Alsohuman · 21/02/2020 22:14

And the transition from being a 'helper' to 'oh fuck I cant do this' is very shocking for everyone involved

Yes it is. And when you have to concede the battle, the guilt and sense of failure is hard to live with.

UYScuti · 21/02/2020 22:17

my solution...when they get to mid 70's just go dark for a decade or emigrate, then re-emerge 10 years hence when they've moved themselves into sheltered accommodation & sorted things out themselves:)

Runnerduck34 · 21/02/2020 22:23

I think in an ideal world you get back what you put in and if your mums life has revolved around care giving I completely understand why she would want that to be reciprocated to her in her old age.
Of course there are practical and emotional limits to what you can do but I would like to think as a family that love each other we would do what we can and sometimes that may mean making sacrifices.
Obviously 24/7 high need care is a completely different kettle of fish but doing what you can, whether that's taking to hospital appointments, shopping ,cleaning or just company and day trips then I think we should do what we can.

yolofish · 21/02/2020 22:24

And its also difficult when you have teens/young adults too. They don't need you physically, but mentally!!
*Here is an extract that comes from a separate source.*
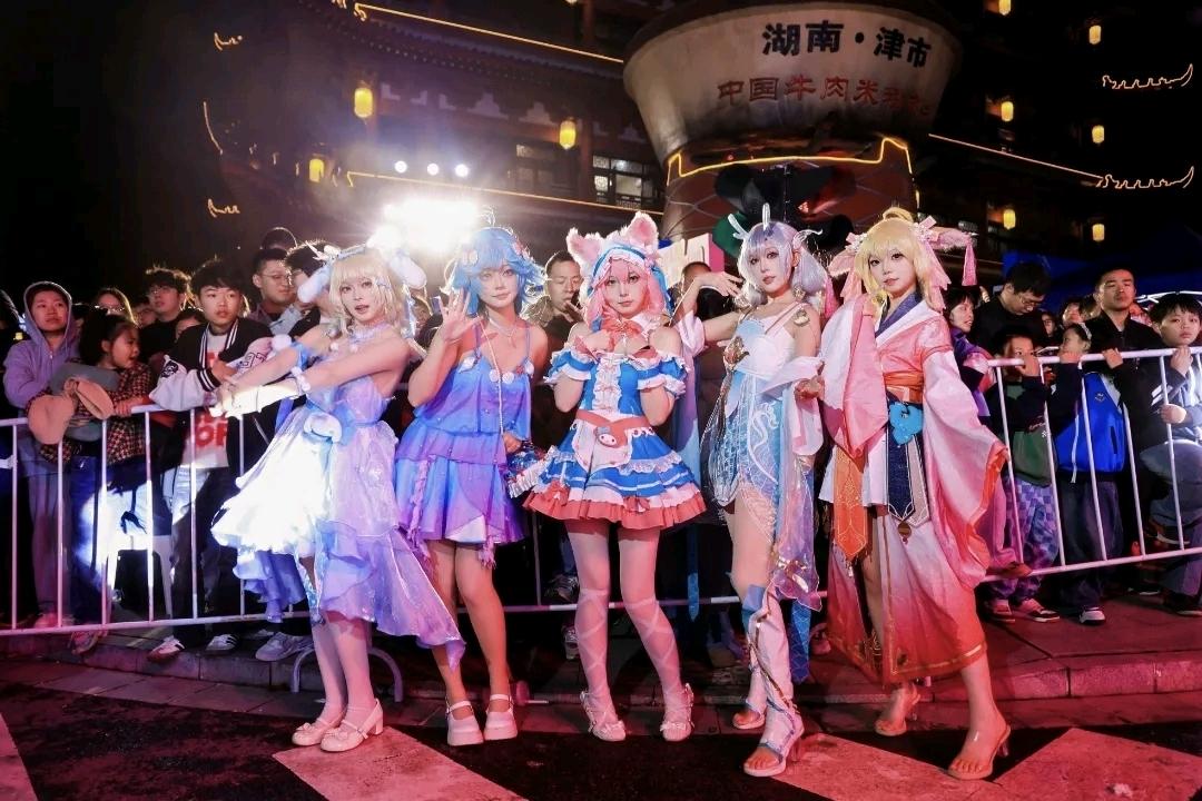 除了干货满满的产业探访,活动还为大学生们准备了充满地方特色的“惊喜”。热气腾腾的津市牛肉米粉长桌宴香气四溢,让学子们一口尝尽正宗津市米粉的鲜香麻辣;长桌宴后,64支大学生战队随即展开湖南省大学生王者荣耀挑战赛,公孙离、小乔等5位超人气“王者”coser现身助威,现场粉丝争相合影,浓厚的二次元氛围与青春活力交织,让整座津市都洋溢着蓬勃朝气。

My SIL absolutely shocked me, she was having a go at me about my apparent lack of care for DM. Then she told me that her 3 girls helped bathe her mum every other night from when the youngest was about 12.

To me, that is absolutely not on. What a burden to put on teens. It's one thing to deal with a crisis, which my girls did, but helping bath granny every other night? No way.

Serin · 21/02/2020 22:25

Thing is it's not easy to just choose to go into a care home, most where I live are around the 3 thousand pounds a month price!!
So the house has to be sold to finance care and that means there is no inheritance to leave.
DH and I are planning on dying early enough to not be a burden to our DC and to be able to leave them a decent financial amount. Grin

Alsohuman · 21/02/2020 22:27

That’s outrageous Yolo. Absolutely unfair and totally inappropriate.

SpeedofaSloth · 21/02/2020 22:32

Those poor girls, Yolo Sad

yolofish · 21/02/2020 22:33

Yes also it was very bad. I do actually love my SIL, but that was below the belt - and there is no way I would EVER have expected my DDs to be involved in their grandma's physical care unless it was an absolute crisis, of which there were a few (falls related rather than shit related, to be clear).